ABOUT THIS TASK:
In the entries below, find the line containing "41.3 | 41.3 | |" and the line containing "Почти такие же". Copy those two lines and everything between them exactly, without the pictures.

PROVIDED ENTRIES:

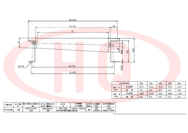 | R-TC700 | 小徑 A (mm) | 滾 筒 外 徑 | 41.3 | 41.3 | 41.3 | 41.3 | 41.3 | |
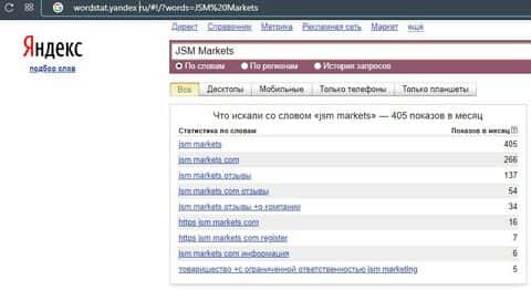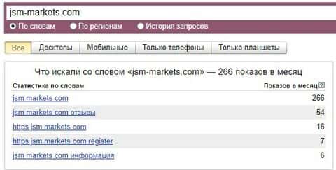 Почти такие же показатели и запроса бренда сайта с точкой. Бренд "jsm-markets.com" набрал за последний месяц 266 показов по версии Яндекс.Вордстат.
--
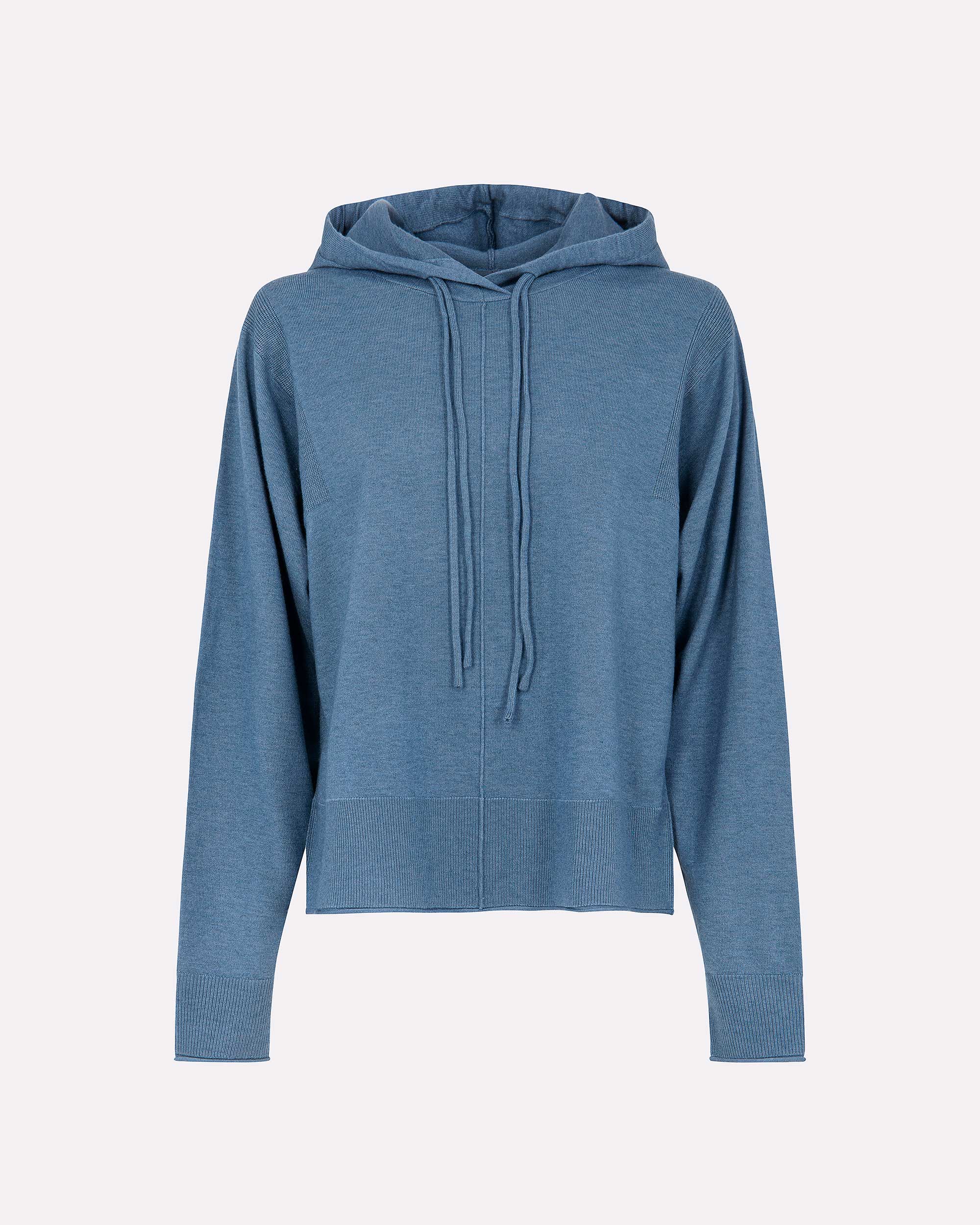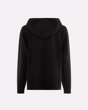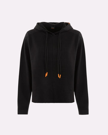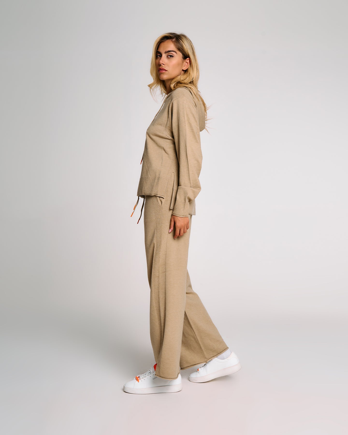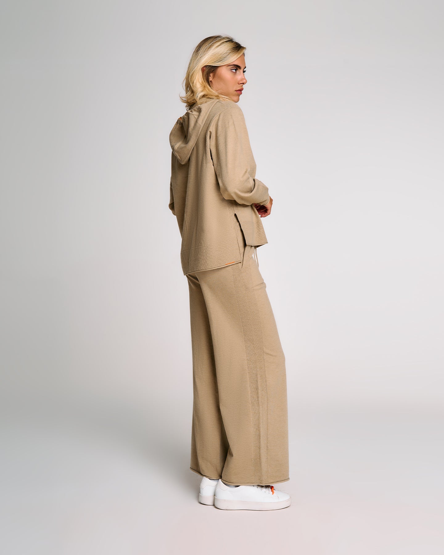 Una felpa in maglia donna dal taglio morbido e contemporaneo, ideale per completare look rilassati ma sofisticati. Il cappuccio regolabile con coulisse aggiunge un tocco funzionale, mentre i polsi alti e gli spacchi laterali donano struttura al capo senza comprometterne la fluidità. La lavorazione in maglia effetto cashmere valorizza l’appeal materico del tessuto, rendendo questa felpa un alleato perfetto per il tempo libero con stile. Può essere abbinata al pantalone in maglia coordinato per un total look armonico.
---
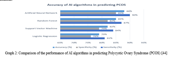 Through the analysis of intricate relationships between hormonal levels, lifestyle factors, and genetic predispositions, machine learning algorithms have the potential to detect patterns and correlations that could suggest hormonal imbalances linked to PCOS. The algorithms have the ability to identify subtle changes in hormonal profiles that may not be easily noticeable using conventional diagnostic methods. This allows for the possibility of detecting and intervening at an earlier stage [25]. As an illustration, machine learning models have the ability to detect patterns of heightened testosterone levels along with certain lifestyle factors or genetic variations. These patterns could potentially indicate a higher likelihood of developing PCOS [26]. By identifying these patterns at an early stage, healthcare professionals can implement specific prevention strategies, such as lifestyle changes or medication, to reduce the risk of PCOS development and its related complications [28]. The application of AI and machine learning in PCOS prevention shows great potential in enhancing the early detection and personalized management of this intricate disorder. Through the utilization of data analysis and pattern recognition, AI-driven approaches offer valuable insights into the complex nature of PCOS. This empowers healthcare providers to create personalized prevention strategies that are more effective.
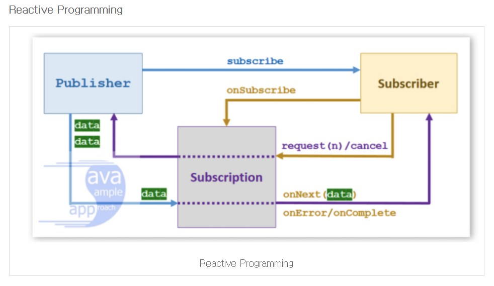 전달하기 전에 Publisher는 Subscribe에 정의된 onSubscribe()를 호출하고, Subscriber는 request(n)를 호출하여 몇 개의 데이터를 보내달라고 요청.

RESPONSE TO THIS EXERCISE:
 | R-TC700 | 小徑 A (mm) | 滾 筒 外 徑 | 41.3 | 41.3 | 41.3 | 41.3 | 41.3 | |
 Почти такие же показатели и запроса бренда сайта с точкой. Бренд "jsm-markets.com" набрал за последний месяц 266 показов по версии Яндекс.Вордстат.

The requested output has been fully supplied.